Concept

Dominique Moïsi

Dominique Moïsi (born 21 October 1946) is a French political scientist and writer. He was a co-founder and is a senior advisor of the Paris-based Institut Français des Relations Internationales (IFRI), Pierre Keller Visiting Professor at Harvard University, and the chairholder for Geopolitics at the College of Europe, the oldest educational institution in European affairs, in Natolin. He is also a Fellow at CEDEP, the European Centre for Executive Development. Moïsi regularly contributes op-ed articles and essays to the Financial Times, Foreign Affairs, the Project Syndicate as well as Die Welt and Der Standard.
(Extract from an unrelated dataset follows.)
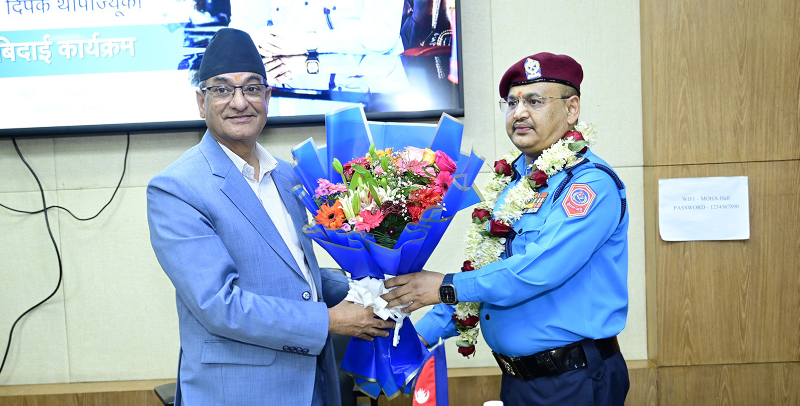 गृहमन्त्री रमेश लेखकले सेवानिवृत्त हुन लागेका प्रहरी महानिरीक्षक दिपक थापालाई शुभकामना सहित बिदाइ गर्नुभएको छ।
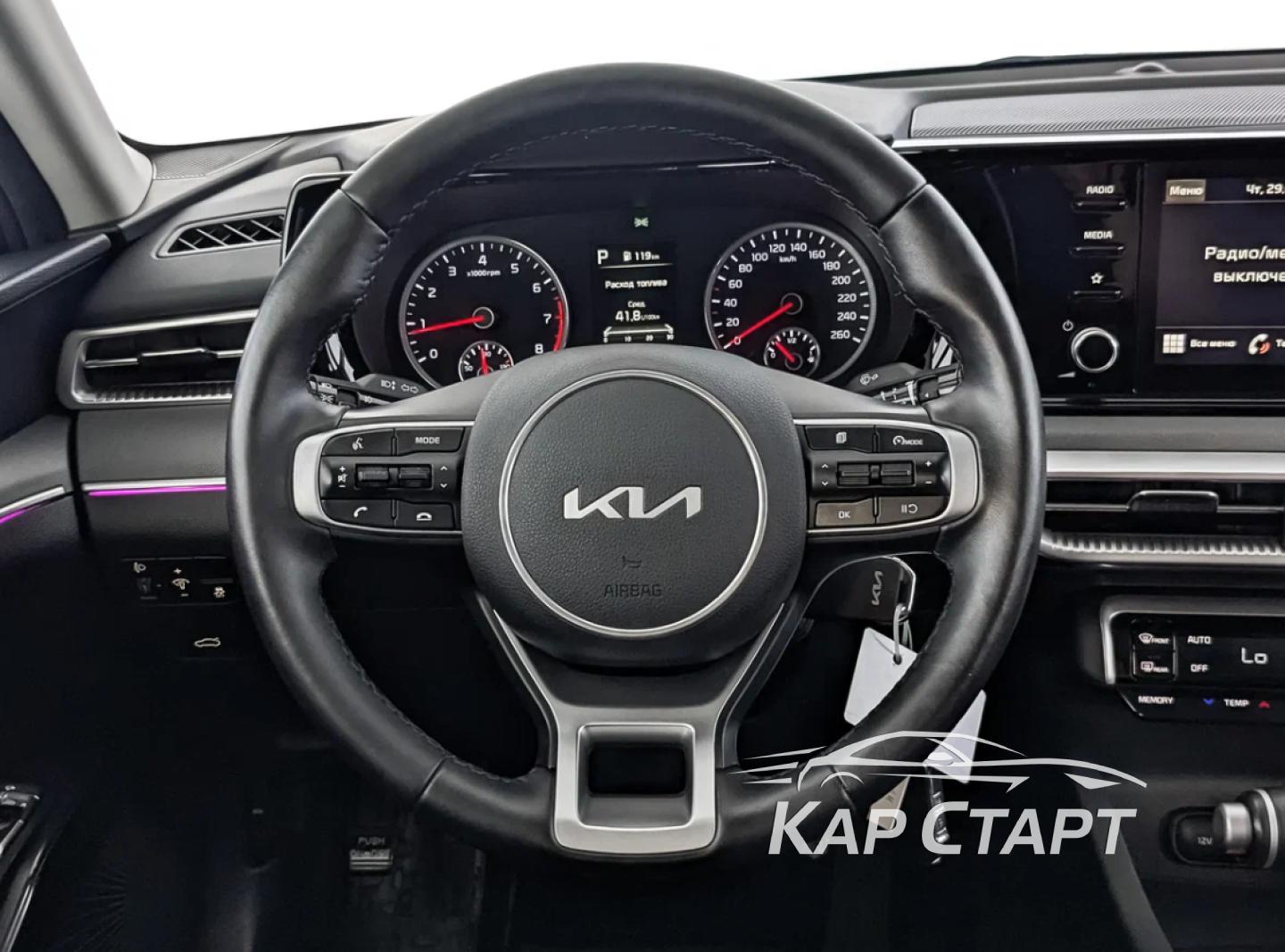 В продаже автомобиль с пробегом Kia K5 III, седан, 2 л (150 л.с.), бензин, КПП автоматическая, комплектация Premium, 2023 год, пробег 57 км

Moïsi is married to the historian and writer Diana Pinto. The couple has two sons. His father Jules Moïsi was an Auschwitz survivor, member of the Mauthausen concentration camp's kommando. Dominique Moïsi studied Political science at the Sorbonne and at Harvard University. He was research assistant to Raymond Aron and taught at the École nationale d'administration (ENA), the École des Hautes Études en Sciences Sociales, and the Institut d’Études Politiques de Paris. He was editor in chief of Politique étrangère. After the fall of the Berlin Wall in 1989, he aroused attention as one of the first French commentators to welcome the conceivable end of Germany's division as an opportunity for Europe. Many years later Moïsi explained his position by pointing to his father whose fate as an Auschwitz survivor had made him "fall in love with Europe". Like Simone Veil, Jules Moïsi believed that the unification of Europe was the best way of overcoming the "tragedy of the past". During the 1990s Timothy Garton Ash, Michael Mertes and Dominique Moïsi wrote several "trilateral" (British-German-French) pleas in favour of a combined eastward enlargement and institutional modernisation of the EU. Moïsi is a member of the International Advisory Council of the Moscow School of Political Studies and of the European Council on Foreign Relations. In 2008, he published La géopolitique de l’émotion: Comment les cultures de peur, d’humiliation et d’espoir façonnent le monde (English translation 2009).